### TASK
All entries must come back exactly as given, with no pictures in the copy.

[Stored entries]
- - - - -

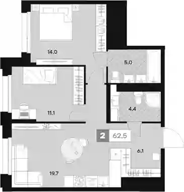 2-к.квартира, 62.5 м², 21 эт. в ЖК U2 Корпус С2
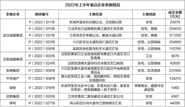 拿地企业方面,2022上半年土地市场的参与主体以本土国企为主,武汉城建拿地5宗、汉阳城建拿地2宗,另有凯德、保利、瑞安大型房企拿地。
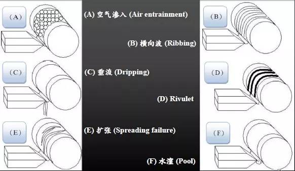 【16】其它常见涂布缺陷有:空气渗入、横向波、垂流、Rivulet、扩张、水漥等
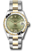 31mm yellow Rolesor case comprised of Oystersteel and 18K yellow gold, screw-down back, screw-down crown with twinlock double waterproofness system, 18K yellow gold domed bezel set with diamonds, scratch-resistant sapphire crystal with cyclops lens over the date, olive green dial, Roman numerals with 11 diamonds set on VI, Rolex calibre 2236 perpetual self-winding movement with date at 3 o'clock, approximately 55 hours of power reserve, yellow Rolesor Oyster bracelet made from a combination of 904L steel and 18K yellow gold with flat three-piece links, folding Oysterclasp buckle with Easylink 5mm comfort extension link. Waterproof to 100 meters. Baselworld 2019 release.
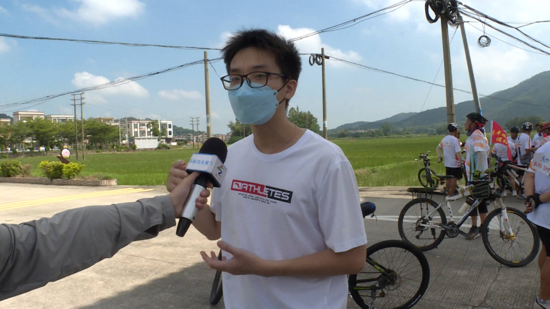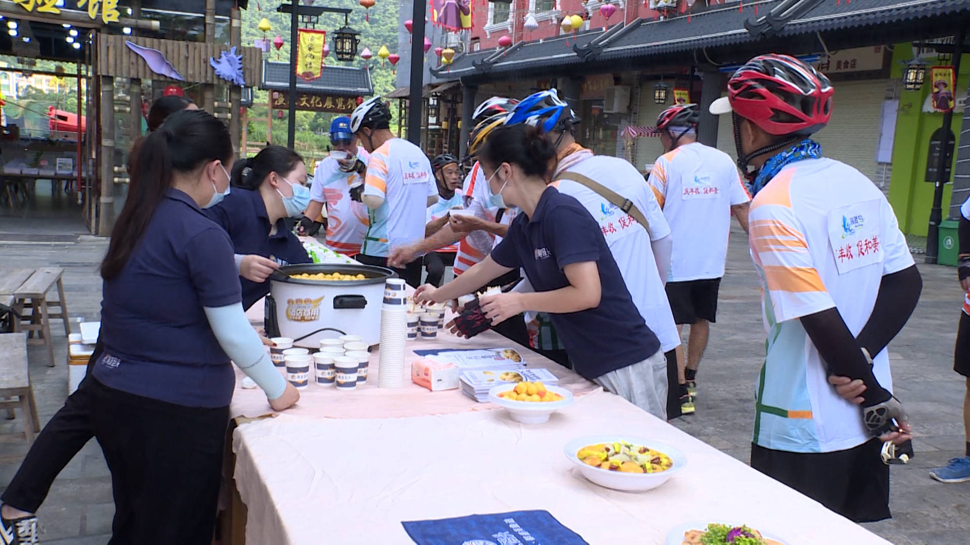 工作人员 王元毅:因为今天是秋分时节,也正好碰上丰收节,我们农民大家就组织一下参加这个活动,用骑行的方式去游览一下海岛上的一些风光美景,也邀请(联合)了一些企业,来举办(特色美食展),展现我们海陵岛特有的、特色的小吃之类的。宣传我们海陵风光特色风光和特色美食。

- - - - -

### ANSWER TO THIS PROBLEM
 2-к.квартира, 62.5 м², 21 эт. в ЖК U2 Корпус С2
 拿地企业方面,2022上半年土地市场的参与主体以本土国企为主,武汉城建拿地5宗、汉阳城建拿地2宗,另有凯德、保利、瑞安大型房企拿地。
 【16】其它常见涂布缺陷有:空气渗入、横向波、垂流、Rivulet、扩张、水漥等
 31mm yellow Rolesor case comprised of Oystersteel and 18K yellow gold, screw-down back, screw-down crown with twinlock double waterproofness system, 18K yellow gold domed bezel set with diamonds, scratch-resistant sapphire crystal with cyclops lens over the date, olive green dial, Roman numerals with 11 diamonds set on VI, Rolex calibre 2236 perpetual self-winding movement with date at 3 o'clock, approximately 55 hours of power reserve, yellow Rolesor Oyster bracelet made from a combination of 904L steel and 18K yellow gold with flat three-piece links, folding Oysterclasp buckle with Easylink 5mm comfort extension link. Waterproof to 100 meters. Baselworld 2019 release.
 工作人员 王元毅:因为今天是秋分时节,也正好碰上丰收节,我们农民大家就组织一下参加这个活动,用骑行的方式去游览一下海岛上的一些风光美景,也邀请(联合)了一些企业,来举办(特色美食展),展现我们海陵岛特有的、特色的小吃之类的。宣传我们海陵风光特色风光和特色美食。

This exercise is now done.